RECORDS SUPPLIED
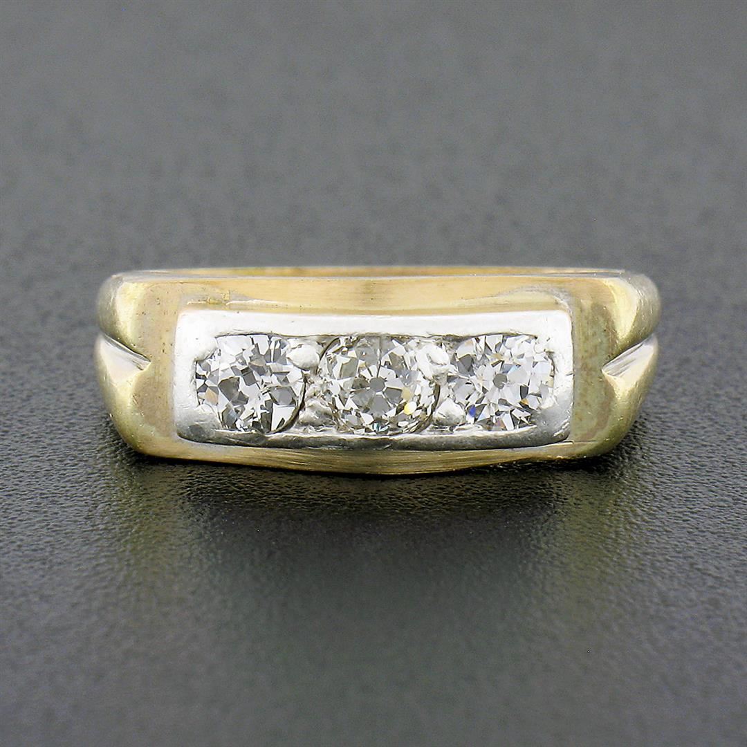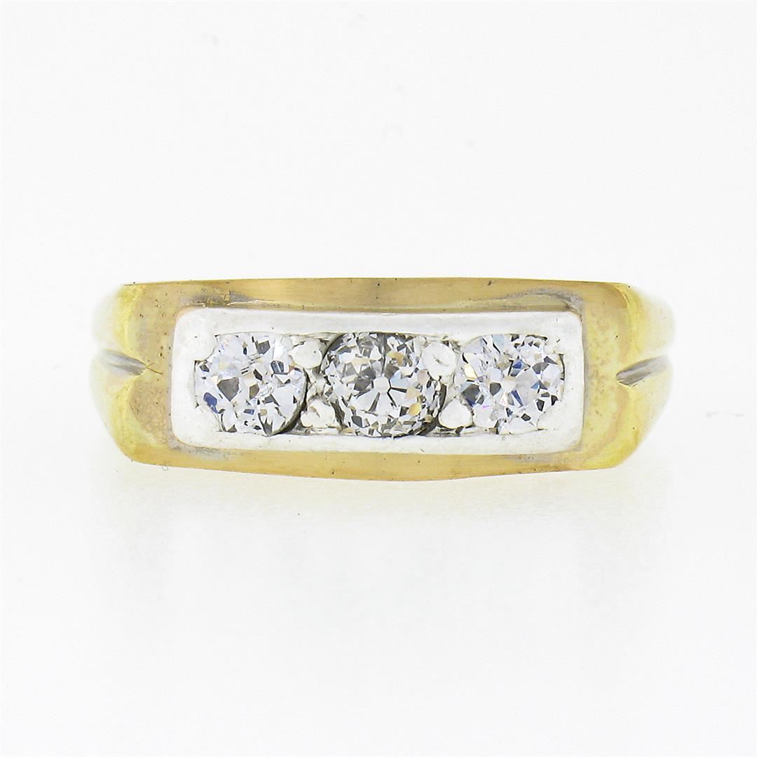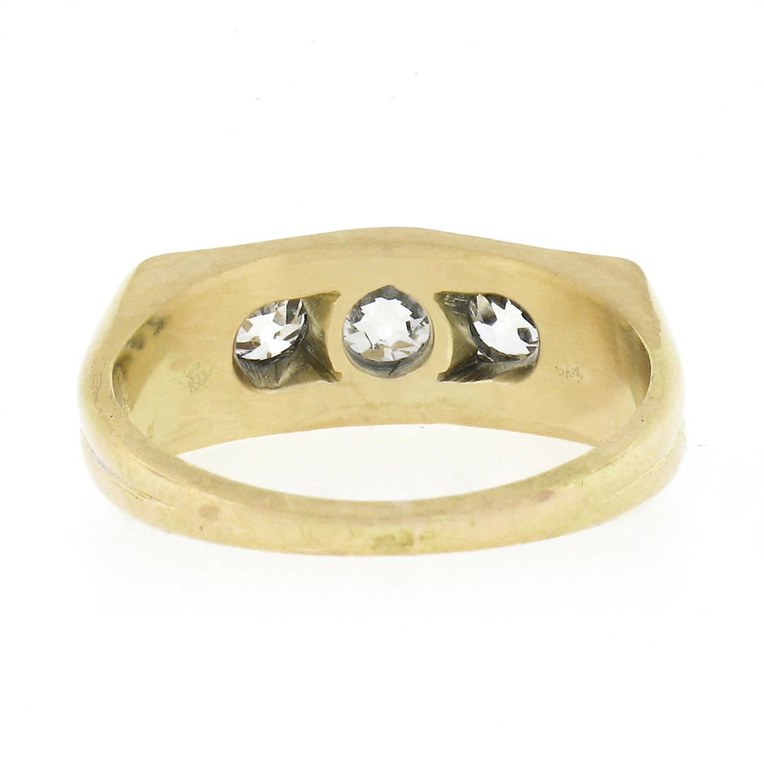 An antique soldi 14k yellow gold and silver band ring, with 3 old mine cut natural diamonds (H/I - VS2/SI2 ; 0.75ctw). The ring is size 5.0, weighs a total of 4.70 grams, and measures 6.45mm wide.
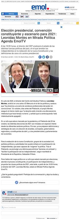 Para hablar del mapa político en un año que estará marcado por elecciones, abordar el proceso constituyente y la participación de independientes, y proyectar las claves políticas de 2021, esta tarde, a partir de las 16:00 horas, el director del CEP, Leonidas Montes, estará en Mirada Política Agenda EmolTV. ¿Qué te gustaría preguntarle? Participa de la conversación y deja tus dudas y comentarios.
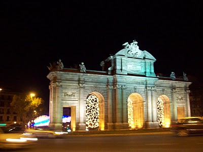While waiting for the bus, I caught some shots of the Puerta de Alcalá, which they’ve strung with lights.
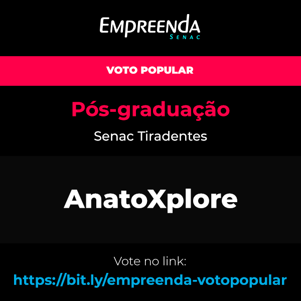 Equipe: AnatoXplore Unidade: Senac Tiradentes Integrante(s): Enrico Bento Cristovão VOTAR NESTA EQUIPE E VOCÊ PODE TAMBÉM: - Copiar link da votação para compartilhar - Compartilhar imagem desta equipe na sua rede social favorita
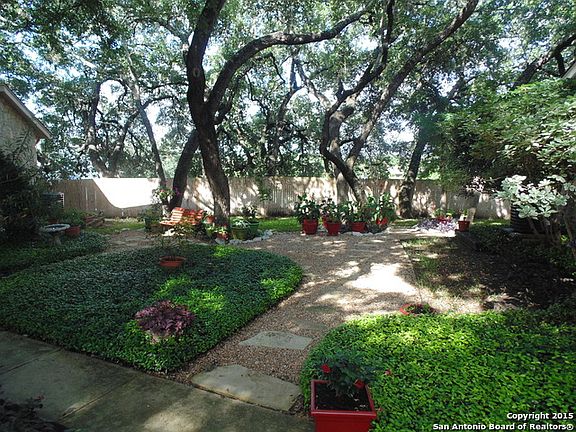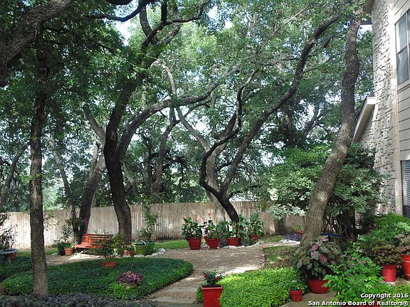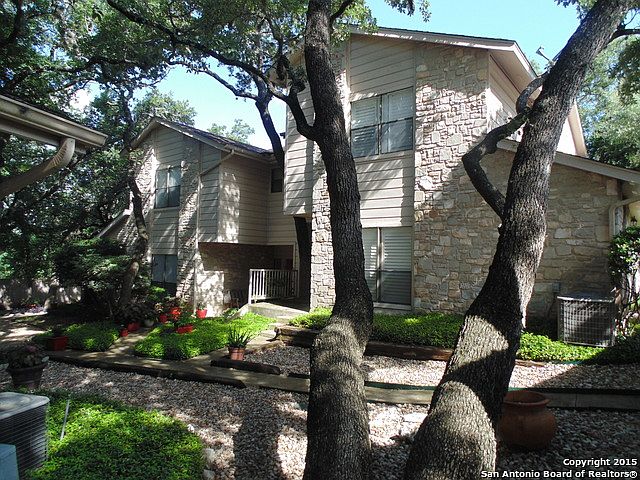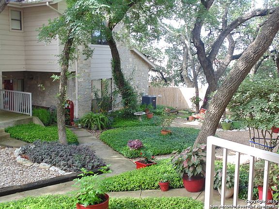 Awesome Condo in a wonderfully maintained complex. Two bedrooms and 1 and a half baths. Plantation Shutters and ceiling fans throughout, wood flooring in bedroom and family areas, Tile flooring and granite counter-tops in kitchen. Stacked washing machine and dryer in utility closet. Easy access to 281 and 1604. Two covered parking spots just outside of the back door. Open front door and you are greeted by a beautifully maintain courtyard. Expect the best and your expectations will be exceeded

PROMPT
Would you please output only the lines from the start of the material above up to and including the line with "Equipe: AnatoXplore Unidade: Senac", exactly as they appear and without pictures?

RESULT BELOW
 An antique soldi 14k yellow gold and silver band ring, with 3 old mine cut natural diamonds (H/I - VS2/SI2 ; 0.75ctw). The ring is size 5.0, weighs a total of 4.70 grams, and measures 6.45mm wide.
 Para hablar del mapa político en un año que estará marcado por elecciones, abordar el proceso constituyente y la participación de independientes, y proyectar las claves políticas de 2021, esta tarde, a partir de las 16:00 horas, el director del CEP, Leonidas Montes, estará en Mirada Política Agenda EmolTV. ¿Qué te gustaría preguntarle? Participa de la conversación y deja tus dudas y comentarios.
While waiting for the bus, I caught some shots of the Puerta de Alcalá, which they’ve strung with lights.
 Equipe: AnatoXplore Unidade: Senac Tiradentes Integrante(s): Enrico Bento Cristovão VOTAR NESTA EQUIPE E VOCÊ PODE TAMBÉM: - Copiar link da votação para compartilhar - Compartilhar imagem desta equipe na sua rede social favorita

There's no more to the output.